While single compound semiconductors were initially used for photocatalysis, combining
two compounds to form a heterojunction significantly increases the photocatalysis
performance. This review will outline how heterojunctions are superior, explain the
different heterostructure architectures assembled from nanoparticles, and discuss
the importance of achieving a large and quality contact in the junction, the heterojunction.
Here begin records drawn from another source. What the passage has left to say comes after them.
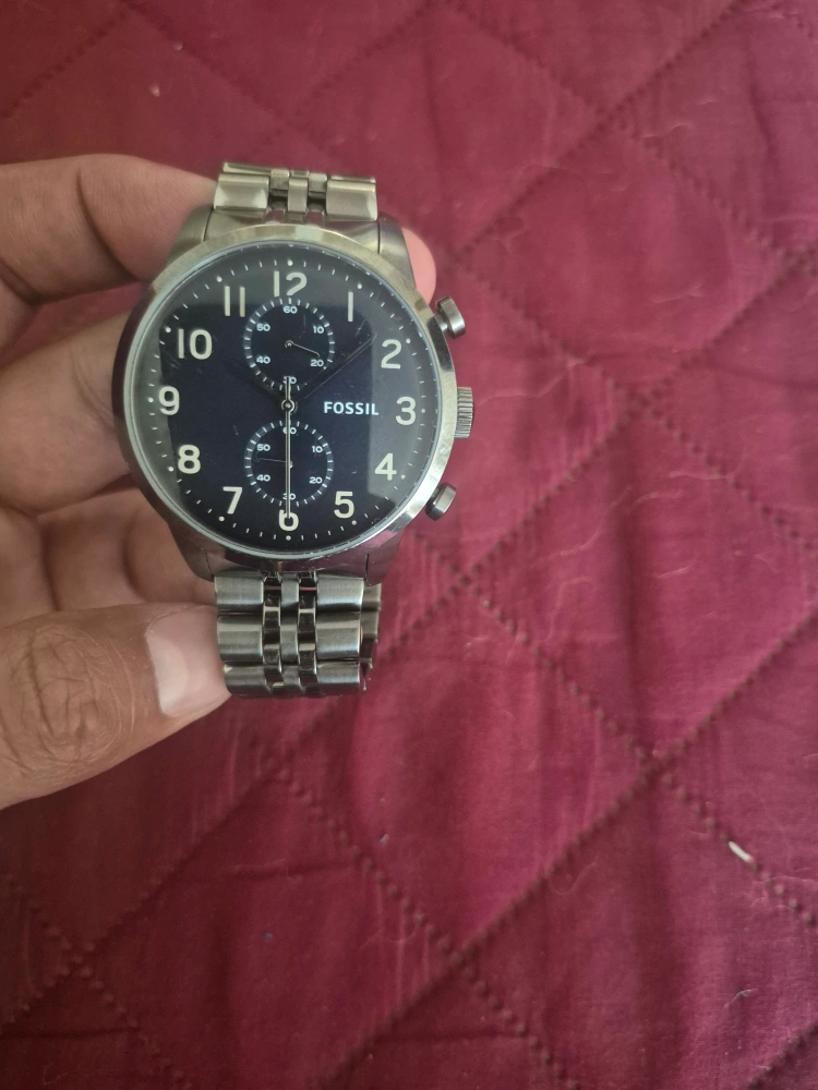 Blue face, fossil watch don't have use for it was given to me for a trade. Needs new battery. Selling in fair condition.
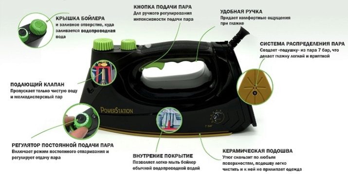 การออกแบบของอุปกรณ์มีในตัวหรือภาชนะแยกต่างหากที่มีองค์ประกอบความร้อน น้ำจะถูกเทลงไปซึ่งจะต้มด้วยไฟฟ้าและจะเปลี่ยนเป็นไอน้ำในไม่ช้า ในอุปกรณ์เพียงอย่างเดียวมีรูเล็ก ๆ ที่อนุญาตให้คู่ออกไปและเจาะเส้นใยของผ้าทำให้เรียบ
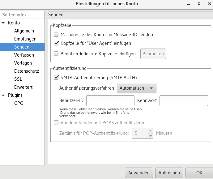 2. Senden – wähle SMTP-Authentifizierung
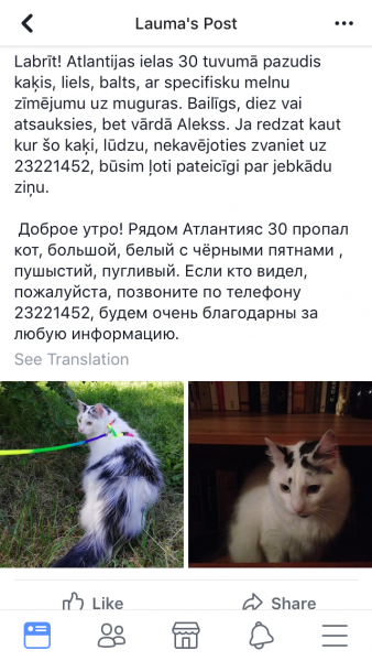 Labrīt! Atlantijas ielas 30 tuvumā pazudis kaķis, liels, balts, ar specifisku melnu zīmējumu uz muguras. Vārdā Alekss. Ja redzat kaut kur šo kaķi, lūdzu, nekavējoties zvaniet uz 23221452, būsim ļoti pateicīgi par jebkādu ziņu.
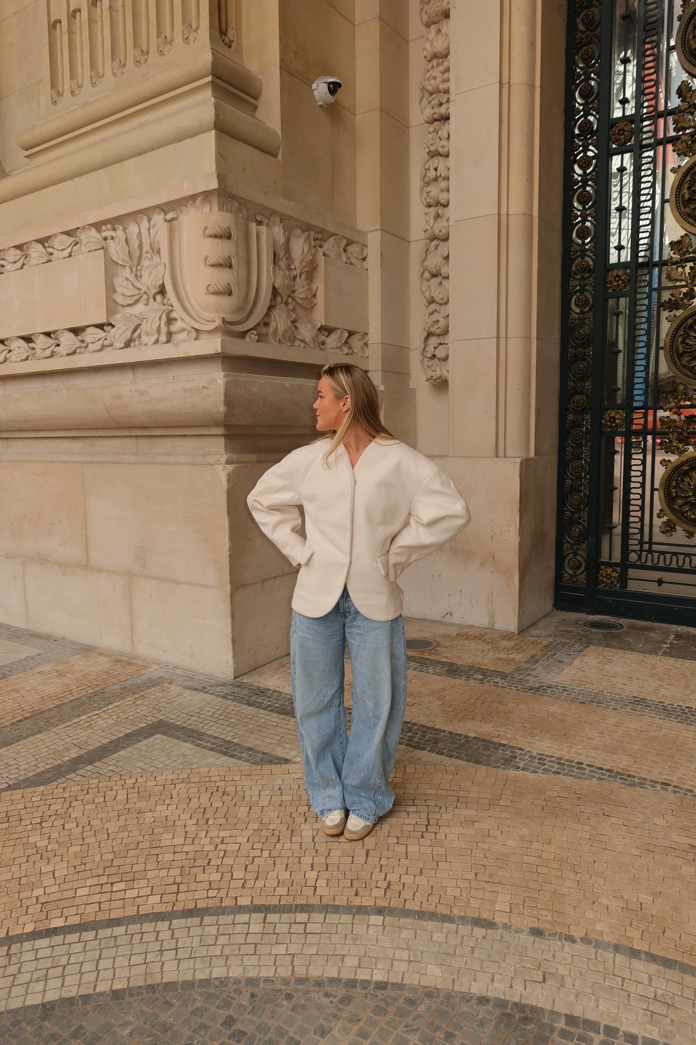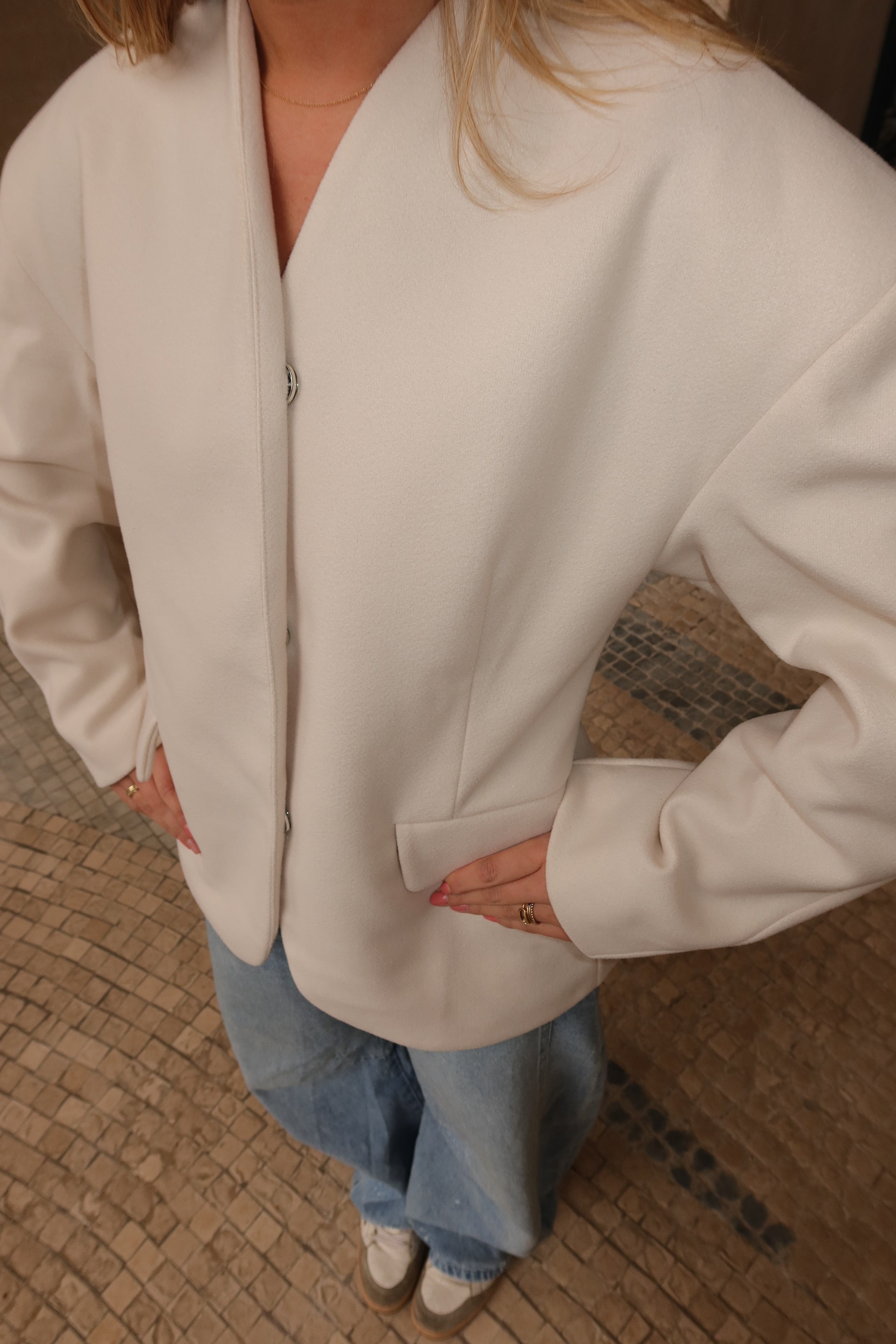 A modern take on classic tailoring. This cream jacket features a clean collarless neckline, sculpted seams, and a softly structured silhouette that flatters the waist while keeping a relaxed feel. Finished with discreet front closures and minimal detailing for an effortlessly polished look from day to night.

Reference is made to methods for increasing the charge carrier performance and reducing
recombination. Solution-based synthesis approaches, have been selected as the preferred
route of manufacture, for the low cost scalability, and ability to combine a larger
number of compounds. The main objective of this review article is to provide insight
to the range of chemical solution-based methods for forming chemically bonded junction
in nanoheterostructures for photocatalysis. Methods include chemical precipitation,
impregnation, chemical bath deposition, hot injection, solvothermal, photo-deposition,
electrochemical deposition, cation exchange and linker assisted assembly. The synthesis
of different photocatalysts is addressed for each synthesis method. Solution synthesis
is offered for coupling oxide semiconductors (i.e. TiO2, ZnO, WO3, Fe2O3, BiVO4) with
other oxides or metal chalcogenide quantum dots or metallic plasmonic nanoparticles.